Methods: A retrospective cohort study was conducted in Fundacion Valle del Lili (Cali, Colombia), between 2013 and 2019. We included patients ≥ 60 years old diagnosed with AML. The statistical analysis considered the leukemia type (de novo vs. myelodysplasia-related) and treatment (intensive chemotherapy regimen, less-intensive chemotherapy regimen, and without chemotherapy). Survival analysis was performed using Kaplan-Meier method and Cox regression models.

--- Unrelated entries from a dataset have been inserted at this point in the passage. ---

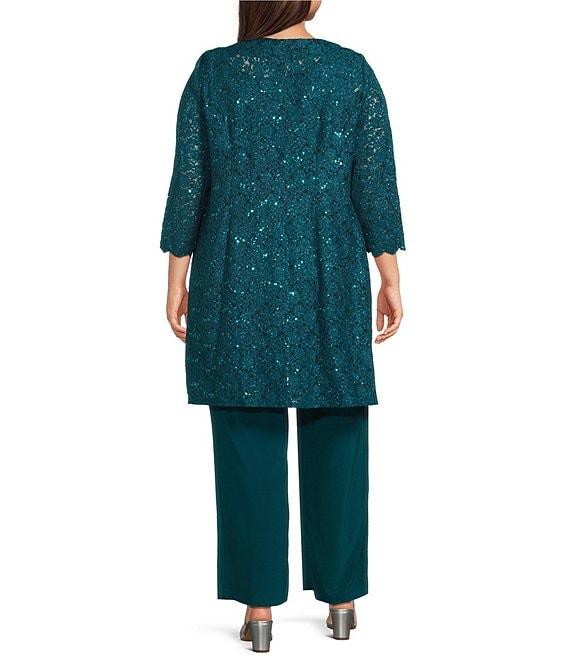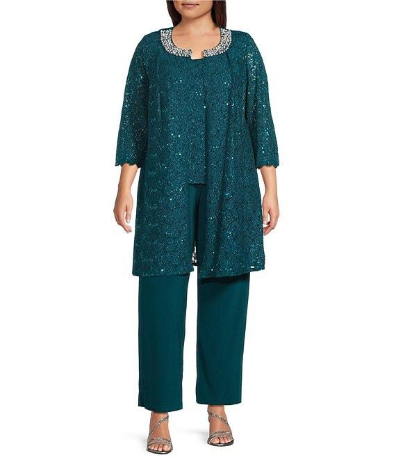 From R & M Richards Plus, this 3-piece pant set features: Jacket: Lace fabrication Round neckline Beaded pearl and sequin neckline 3/4 sleeves Lined Scalloped trim detail Front button closure Approx. 38" length Polyester/nylon/spandex Hand wash Tank: Lace fabrication Round neckline Sleeveless Lined Pullover construction Approx. 27" length Polyester/nylon/spandex Hand wash Pants: Solid ITY fabrication Flat front silhouette Straight leg Pull on construction Approx. 32" inseam Polyester Hand wash Imported.
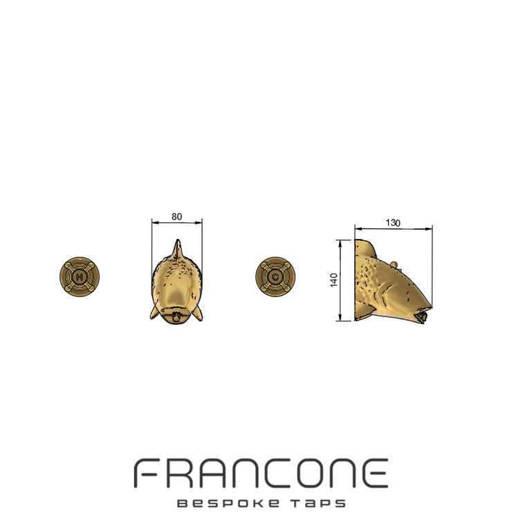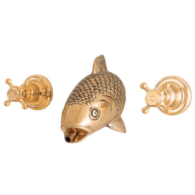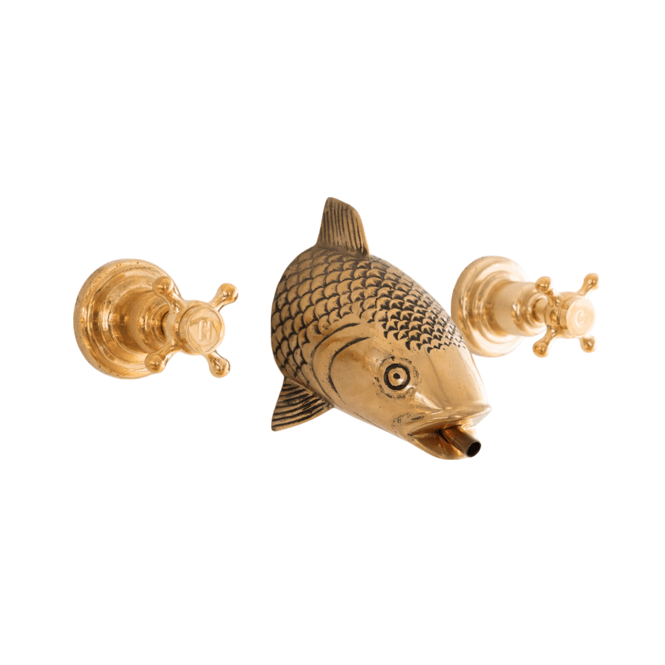 A solid brass wall-mounted tap with fish head spout.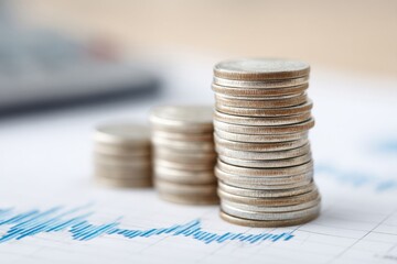 Stacks of coins on a financial chart background, symbolizing investment and growth.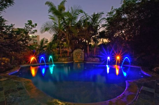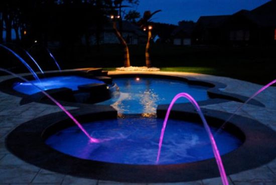 E além dos formatos diferentes você também pode acrescentar elementos não convencionais para sua piscina, como cascatas de pedra ou investir em uma cor não tradicional para os azulejos da piscina ou conseguir uma piscina colorida graças às luzes específicas para este fim.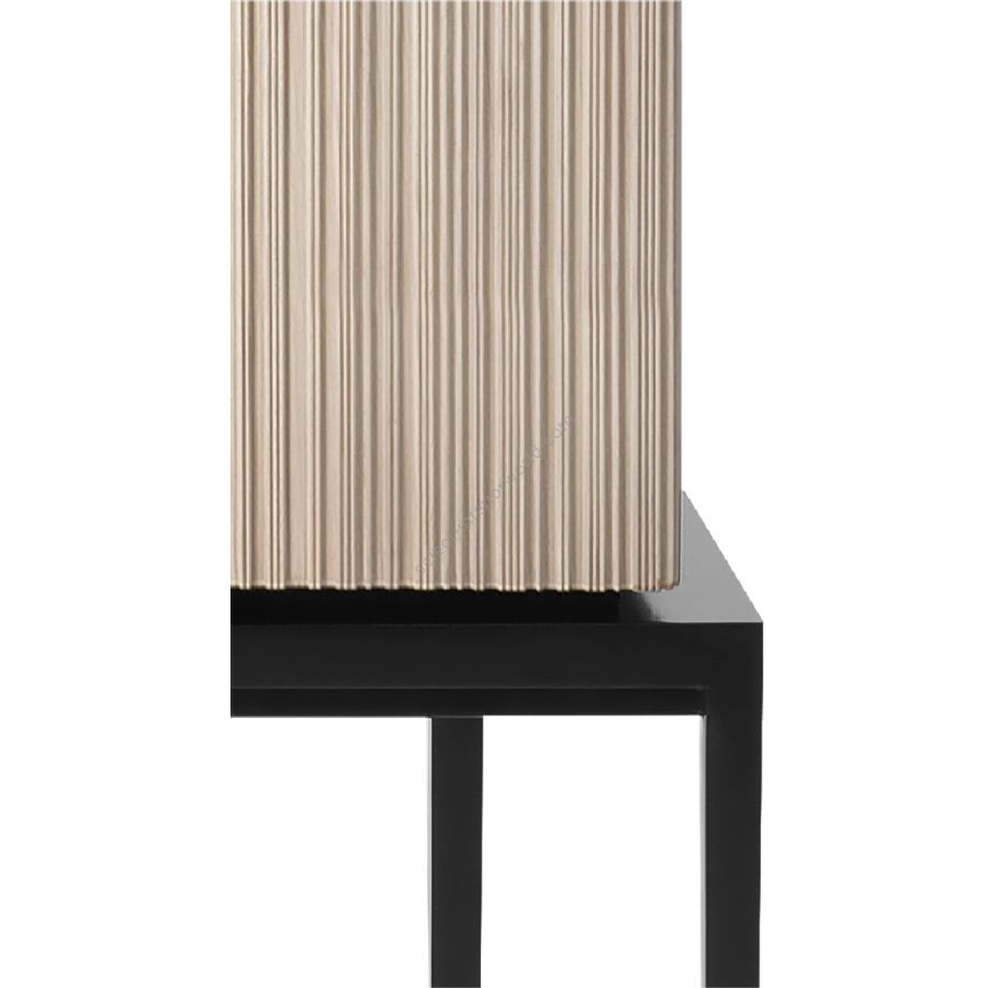 A sleek design with intricately carved reeded doors, accented by the CG signature knot, this tall bar cabinet features shelving for wine, spirits and stemware storage. The cabinet is perched atop metal 'stiletto' supports. Also available in a larger version (88-0010).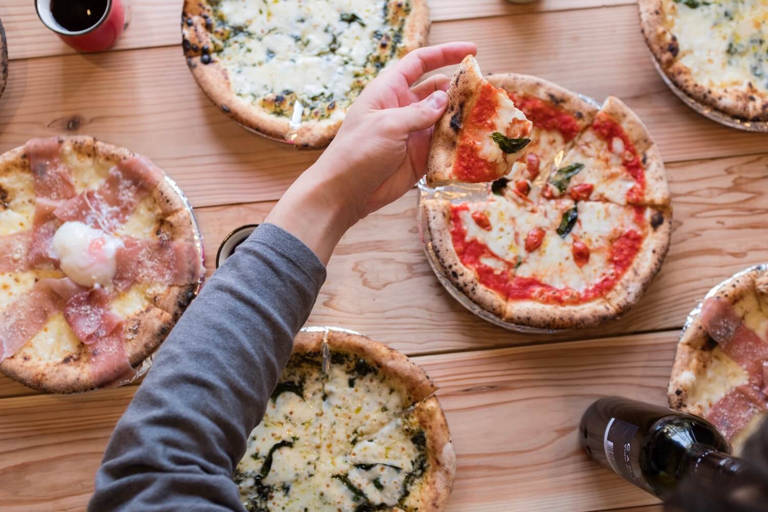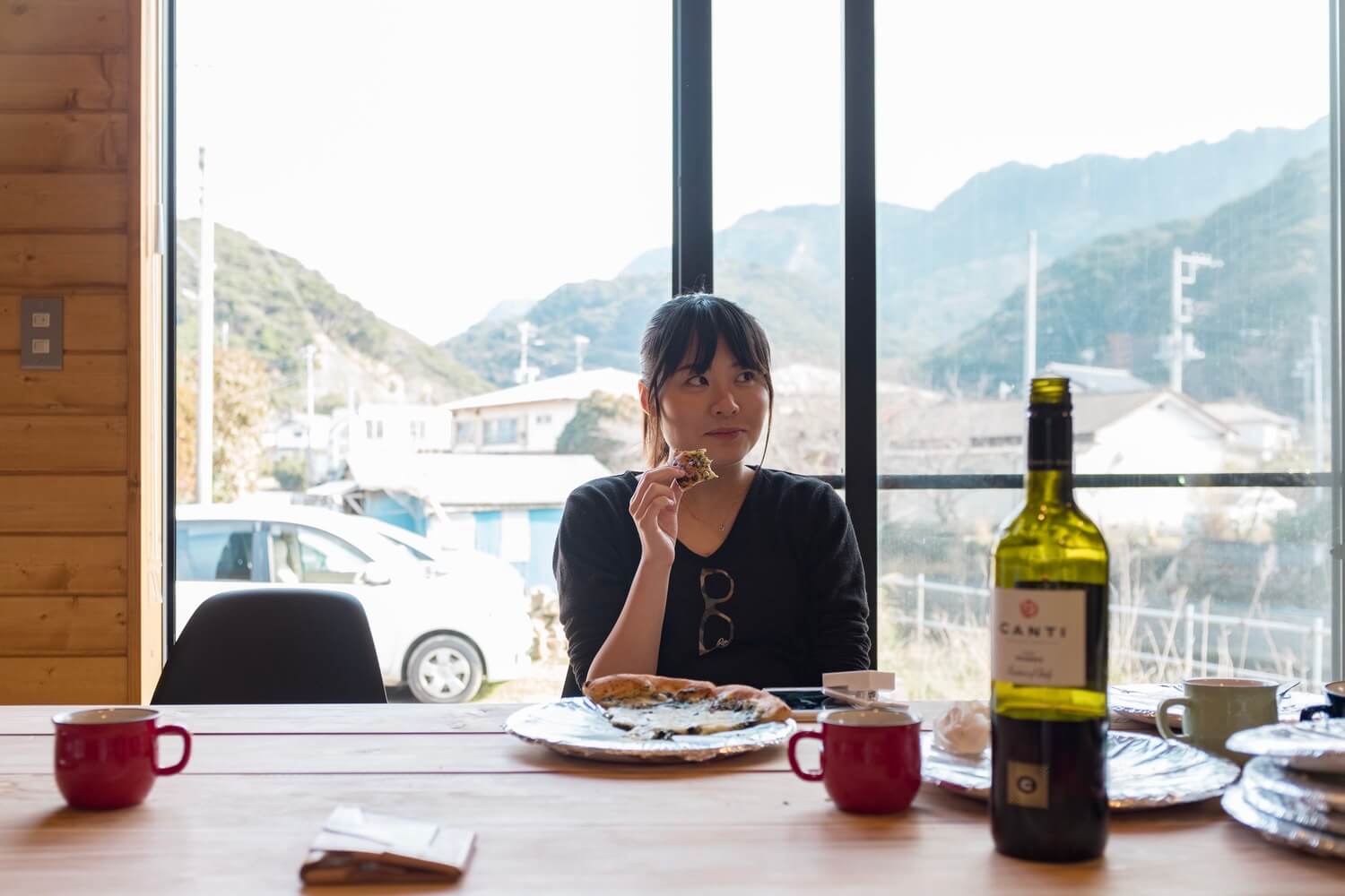 翌朝は朝から各々好きなことをしつつ、お昼は近くのピザ屋でテイクアウト。石窯焼きたてのピザをみんなで囲みました。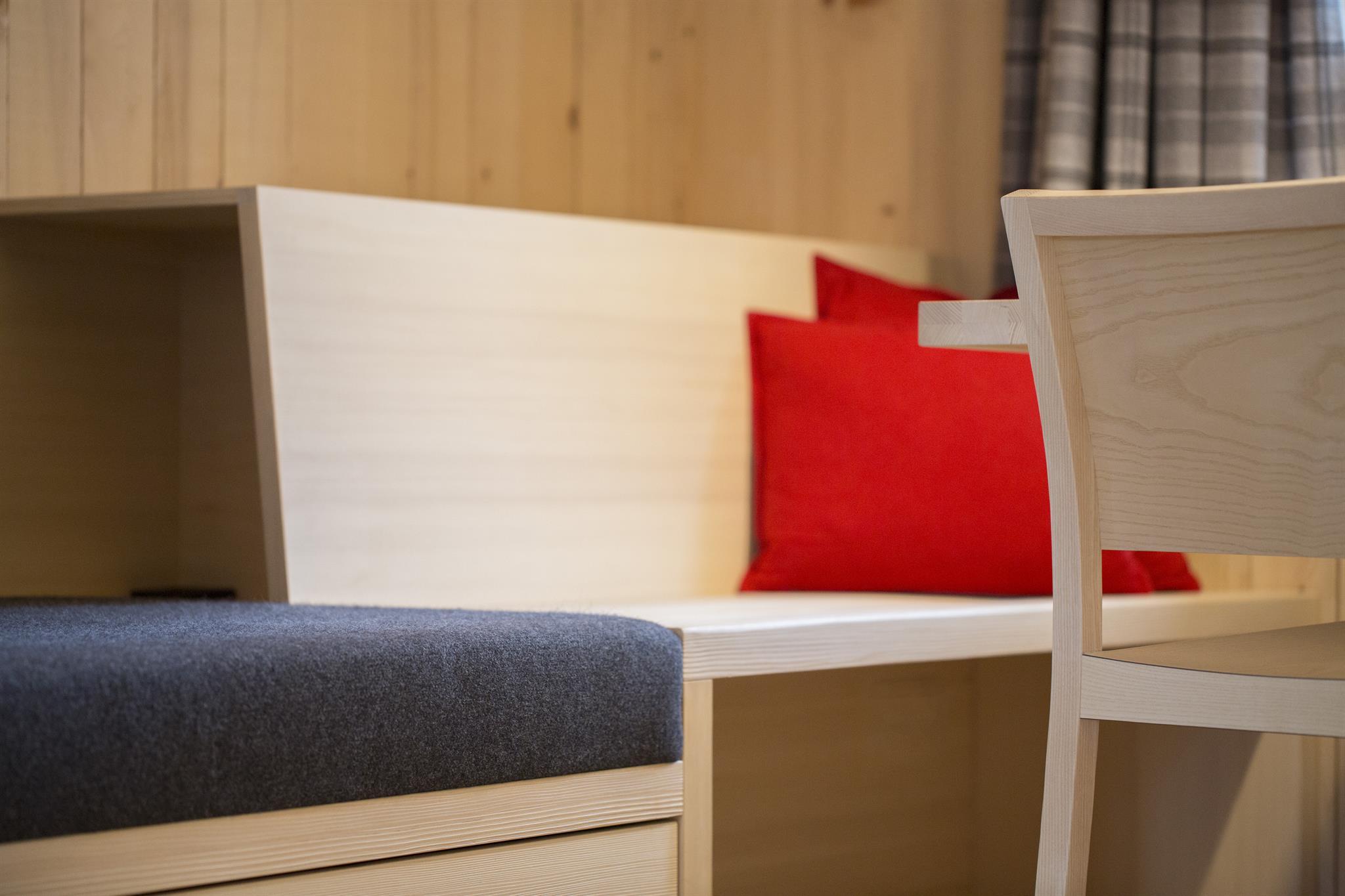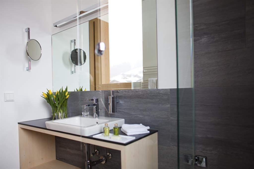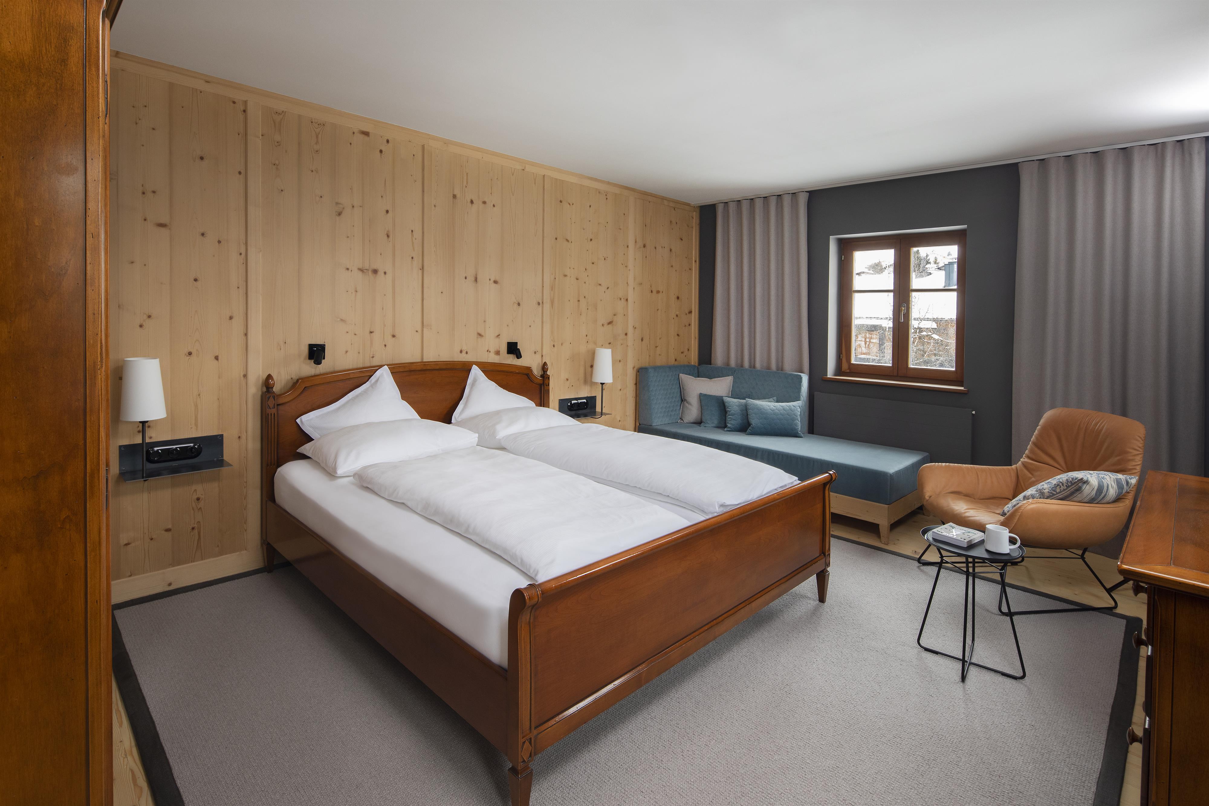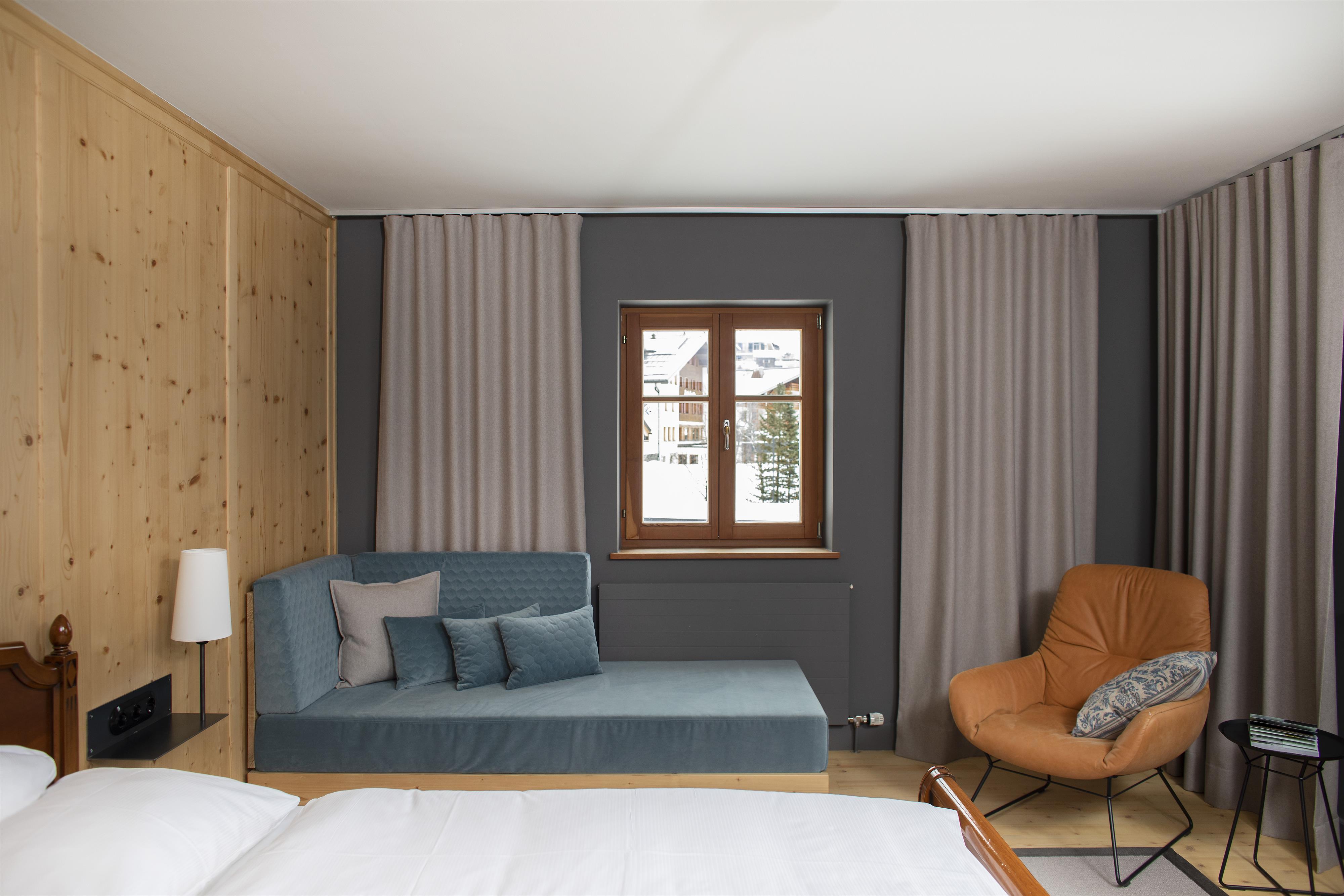 Das Alpina ist das Stammhaus der berühmten Strolz Familie. Im Jahre 2000 musste es einem schmucken Neubau in altem Stil weichen, und so wurde aus einem einfachen Bauernhaus ein feines, kleines, persönlich geführtes Vier-Sterne-Frühstückshotel. Die Gastgeber Andrea und Bruno Strolz setzen dabei auf österreichische Gastlichkeit in bestem Sinne, eine individuelle, herzliche Ansprache in familiärer Atmosphäre. Großer Beliebtheit erfreut sich die von den Gästen selber als „Gästewohnzimmer“ bezeichnete Halle mit dem offenen Kamin, in der am Nachmittag die Teestunde zelebriert und genossen wird. Etwas abseits der Hauptstraße und dennoch nur fünf Gehminuten vom Ortskern und den Skiliften entfernt, liegt das Haus am Ende der berühmten Madlochabfahrt. Die Loipe und der Winterwanderweg beginnen unmittelbar vor der Haustüre. Das Haus Alpina präsentiert sich heute seinen Gästen mit zeitgemäßem Komfort, gleichzeitig aber mit einem traditionellen, behutsam renovierten Interieur und vielen schönen Details. Alle Zimmer und Suiten im Haus Alpina sind liebevoll und individuell eingerichtet, gefallen mit warmen Farben und frischem Blumenschmuck sowie ausgesuchten Möbeln und Materialien. Großer Beliebtheit erfreut sich bei den Gästen auch die großzügige Ferienwohnung, ideal für Familien. Entspannung pur nach einem ausgiebigen Skitag oder einem Tag an der frischen Bergluft bietet nicht nur die Sonnenterrasse oder der Balkon mit Blick auf die wunderbare Bergwelt, sondern auch der Alpina-Wohlfühlbereich mit Sauna, Dampfbad, Infrarot und Ruhebereich.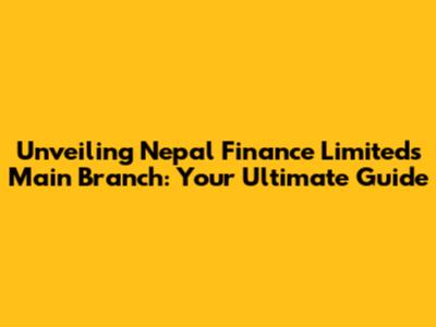 Unveiling Nepal Finance Limited's Main Branch: Your Ultimate Guide

Results: A total of 53 patients were included (31 de novo and 22 AML-MR). Intensive chemotherapy regimens were more frequent in patients with de novo leukemia (54.8%), and 77.3% of patients with AML-MR received less-intensive regimens. Survival was higher in the chemotherapy group (P = 0.006), but with no difference between chemotherapy modalities. Additionally, patients without chemotherapy were 10 times more likely to die than those who received any regimen, independent of age, sex, Eastern Cooperative Oncology performance status, and Charlson comorbidity index (adjusted hazard ratio (HR) = 11.6, 95% confidence interval (CI) 3.47 - 38.8).
Conclusions: Elderly patients with AML had longer survival time when receiving chemotherapy, regardless of the type of regimen.